Попытка спрыгнуть с поезда
Одним из немногих, кого мало заботила история и идеология и кто видел в перестройке именно то, чем она являлась – конец советской командной системы, а вовсе не ее второе рождение, – был секретарь Московского городского комитета партии и будущий президент России Борис Ельцин. Как и все остальные, Ельцин произносил ритуальные речи о революции и Ленине, но при этом он раньше других понял, что партия движется к самоуничтожению. Летом 1987 года в письме Горбачеву, находившемуся тогда в отпуске, Ельцин сетовал на то, что перестройка вырождается в пустословие, и просил освободить его от обязанностей секретаря парторганизации и кандидата в члены Политбюро.
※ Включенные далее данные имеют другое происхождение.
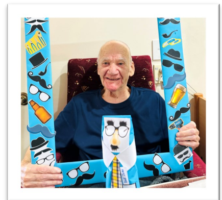
Murray with his Father's Day gift

The men were treated to happy hour with drinks, food and good conversation.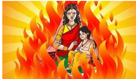
Story of Prahlad and Holika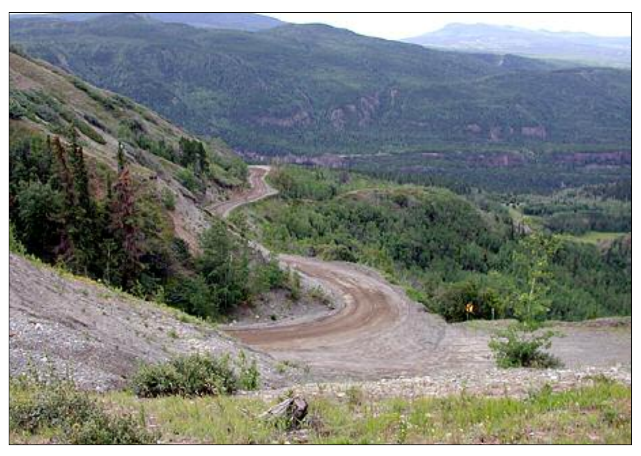
Telegraph Creek offered lots of exposure to go with the curves.

Случаи, когда людей выгоняли из Политбюро, бывали, но за всю историю существования партии еще ни разу не было такого, чтобы кто-нибудь добровольно попросил об исключении. Вернувшись из отпуска, Горбачев позвонил Ельцину и сказал, что им нужно поговорить, но точного времени не назначил. Прошло несколько недель, а встречи все не было. Горбачев был слишком занят, чтобы обсуждать демарш Ельцина. Он работал над речью в честь 70-летней годовщины Октябрьской революции, в которой собирался упомянуть Бухарина.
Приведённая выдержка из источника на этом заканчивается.